“Einkorn Evenings” are Jovial Food’s next step in building community
Almost a year after Jovial Foods moved from North Franklin to North Stonington, owner and New London native Carla Bartolucci is itching to expand her offerings to the community.
“I got the idea that wouldn’t it be nice to start reaching out to the community now slowly so that we can start making alliances with people, tell them about einkorn, and get them baking,” she said.
The company now occupies the historic John Randall Homestead, which dates back to the late 1600s, and the buildings and property are slated to be restored. But with the renovations leaning toward being a two-year project, she wants to start getting classes running by December.
A group of 20 visitors filled the Jovial test kitchen on Aug. 10 for “Einkorn Evenings,” the first public event held at the facility. Bartolucci said she has had a smattering of visitors over the year, especially since she was named the 2017 Connecticut Small Business Person of the Year in March, but Einkorn Evenings will be her first opportunity to introduce her company and its products to people in the community.
Both the Aug. 10 and Aug. 23 events filled within 24 hours of being posted, and about 20 people were waitlisted.
After a brief tour of the facility and discussion about the history of the company and its products, guests were treated to a sampling of recipes from Bartolucci’s cookbook “Einkorn.”
The scones, cookies and bread from the book all utilized einkorn, the ancestral variety of wheat that she discovered was suitable for her daughter Giulia, who had gluten sensitivity issues.
Since einkorn bakes much differently than regular, all-purpose flour — it’s more finely milled and has weaker gluten — Bartolucci ended the evening with a demonstration of some of the more common recipes and techniques in the book. Rather than kneading einkorn dough straight out of the bowl, she recommended letting it sit and turning it every 15 minutes to allow the flour to slowly absorb the water and form a less sticky dough.

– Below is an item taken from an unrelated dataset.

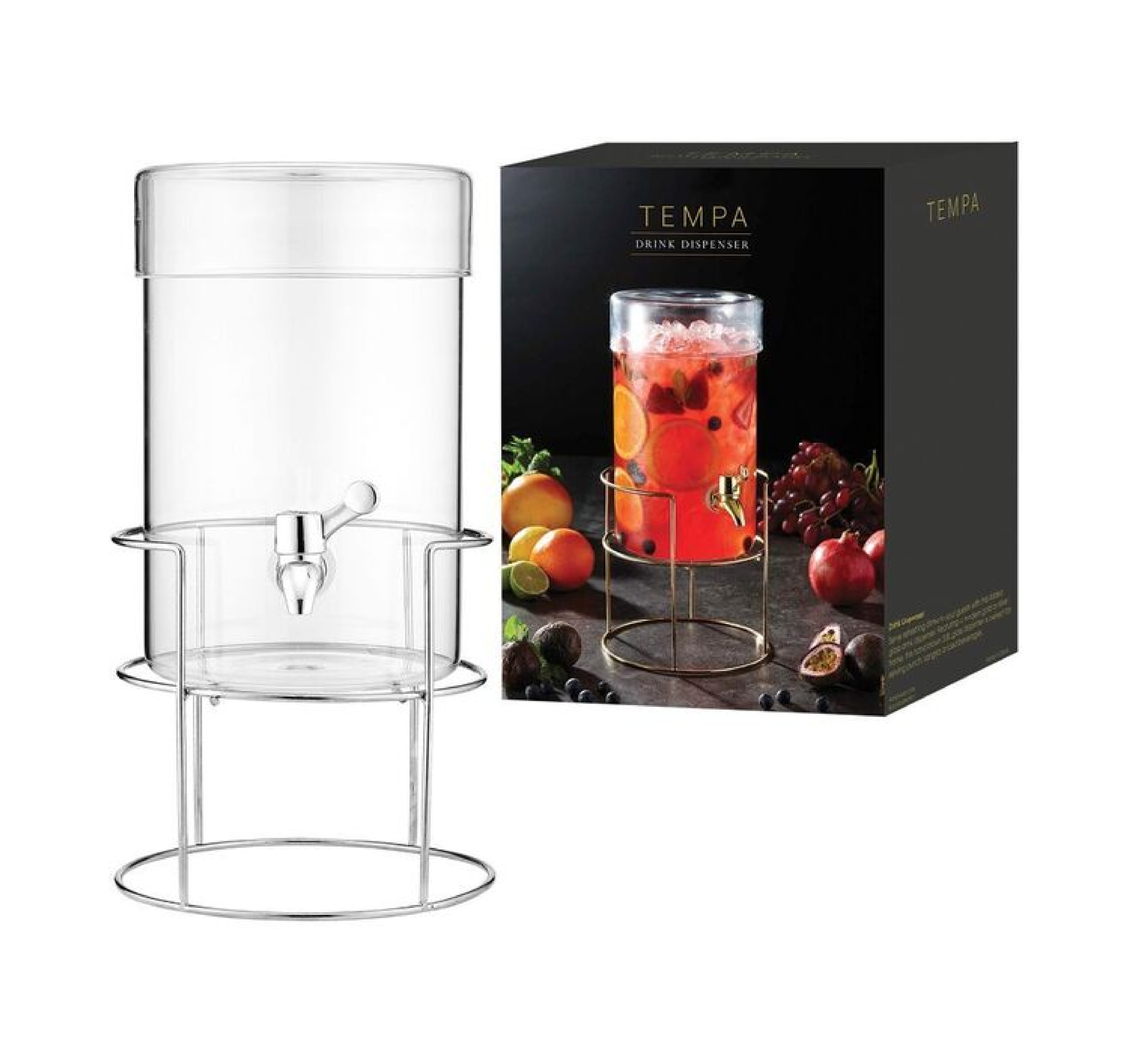 The Ladelle Tempa Quinn Silver Drink Dispenser is a perfect beverage serving solution while entertaining guests. Featuring a 3.8 litre capacity, stunning metallic accents and composed of durable borosilicate glass, this is a hassle-free and elegant option for serving friends and family. This dispenser is a fantastic gifting item as it comes in gorgeous packaging and is also available with gold accents – find the finish to suit the aesthetic in-store or online at Harris Scarfe.
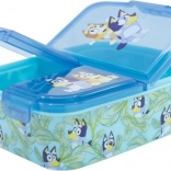 Praktikus uzsonnás doboz BLUEY motívummal, 3 elkülönített rekesszel az ételek áttekinthető tárolásához. Tartós anyagból készült, BPA-mentes, és az hivatalos licencnek köszönhetően a tetőn vonzó dekor található, amit a gyerekek imádni fognak.

She also discussed how to create and use a sourdough starter; she said she loves seeing photos from people in her classes baking picture-perfect loaves at home using her recipes. Using a starter she had been feeding for 10 years, she created a sample starter to pass around, adding that even a mature starter like hers might not behave the same way for every loaf of bread depending on humidity or how much wild yeast is already in the kitchen.
“The more you bake, the more of these wild yeasts will be in your kitchen,” she said. “In my kitchen in Italy, my bread rises really quick, but when I get back to Connecticut, my bread turns out terrible the first few days.”
Bartolucci said her dream is to eventually create a full farm-to-table experience on the site and develop cooking getaways similar to the ones she already runs in Italy. While the kitchens wouldn’t be open to the public year round, they would be open for classes and other events, and all of the design elements would retain the rustic charm of the original property.
“I know that a lot of people like this place, a lot of people got married here, and the property is special to many people, so I feel a sense of responsibility to make sure that I’m doing everything right,” she said. “I think everyone is going to be really excited when they see the plans for the buildings. It’s going to be beautiful.”